DAMIEN CARRICK: Now, in the area of copyright, have there been any cases involving the Internet?

PAMELA MOREY-NASE: Well, again, there have been, both here and in America. One of the early cases that everybody who is talking about the Internet refers to, is a case that involved Playboy. A Playboy centrefold was posted on to a bulletin board and the operator of the bulletin board was in fact found liable for the publication of that material in the same way that an owner of a photocopy machine would be found liable for authorising copies that are made using that machine.

DAMIEN CARRICK: And have there been any cases in Australia?

PAMELA MOREY-NASE: Well, there have, and in fact recently there's been a case relating to what is known as shareware, and this is the first case that there's been either here or in the States or anywhere else as far as I'm aware.

Shareware is really a method of marketing software which is a try-before-you-buy method of selling. Now, in the past, shareware really relied on the honesty of the users. At the end of 30 days they either paid the money if they were honest, or if they were dishonest, they didn't pay the money and they kept using the software. More recently, people have been putting timelocks onto shareware software, so that at the end of 30 days, if you don't pay the money, your access is denied.

Trumpet Software is an Australian company and a perfect example of one of the really innovative writers of software in this country, who are writing software that is becoming a world leader in its field, and there are a number of them. This was a man in Tasmania who was a psychology lecturer, I think, at the University of Tasmania for a number of years, and he then, in his spare time, wrote this software program which was called Trumpet Windsock and is a communication program that assists people connect to the Internet.

Now, the issue in this particular case involved Aus E-mail, which is an Internet service provider, who the Trumpet Windsock was offered as shareware. Aus E-mail made copies of the software and distributed it with a computer magazine, saying to people in effect, 'Here's the shareware software; use it for 30 days and then buy it if you like it' and not only that, they amended the software so that if you did buy it, you automatically connected to the Internet through Aus E-mail.

Now, the real issue in the case was whether Aus E-mail had the permission of Trumpet to do what it did and the court found that it didn't, because the owner of Trumpet was only prepared to permit Aus E-mail to distribute the software provided it had a timelock on it, and at that time it didn't because he hadn't perfected the timelock.

DAMIEN CARRICK: So this company was found to have breached the copyright owned by Trumpetware.

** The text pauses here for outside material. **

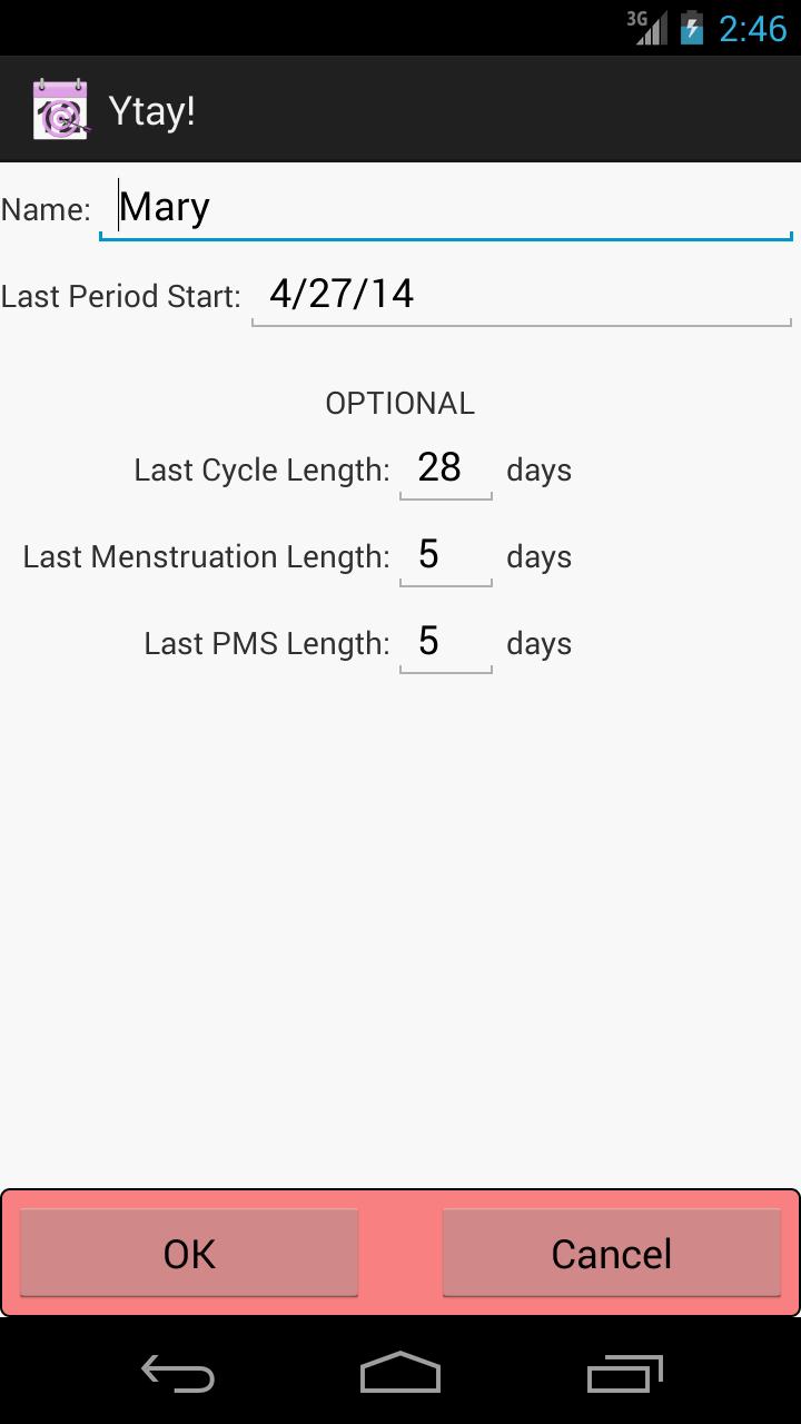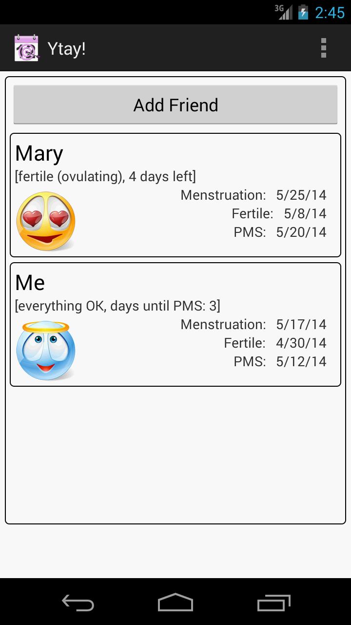 Ytay! ist wirklich einfach. Keine umständlichen Kalender, schwer zu lesen. Tippen Sie einfach auf die Schaltfläche "Freund hinzufügen", um Freunde und Verwandte hinzuzufügen (oder sogar sich selbst, wenn Sie Ihre Periode auf eine einfache Weise kontrollieren möchten) und das Datum der letzten Zeit einfügen und, wenn Sie genauer sein möchten, die übliche Länge des Zyklus. Mit diesen Daten ytay! Wird anfangen zu arbeiten und zu warnen. Und wenn sich die Periodenlänge ändert, gibt es kein Problem, ytay! Sie können die Zeitdaten einfach ändern. Sie tippen nur lange auf den Freund, den Sie ändern möchten, und fügen Sie die neuen Daten ein.

PAMELA MOREY-NASE: That's exactly right, because they had, without the licence of the copyright owner, they had made copies and distributed copies of the software. But although it's the first case relating to copyright and shareware, it's a case that's very much dependent on its facts, and it really turned on the fact that they did not have the authority of the copyright owner to do what they did.

DAMIEN CARRICK: And Pamela Morey-Nase, does that also apply in the artistic world as well as the business world? Are there issues concerning breach of copyright on the Internet for literary works and also for artistic works?

PAMELA MOREY-NASE: Absolutely. The principles are exactly the same, and in fact the potential for infringing copyright of literary works and artistic works, is greater than it's ever been. With digitisation you can make perfect copies instantaneously and transmit them all around the world. So the scope for infringement and the difficulty of detection is really on a scale it's never been before. So for creators of copyright material, it really is an enormous issue.

DAMIEN CARRICK: Pamela Morey-Nase there, on how intellectual property law is playing catch-up with new technology.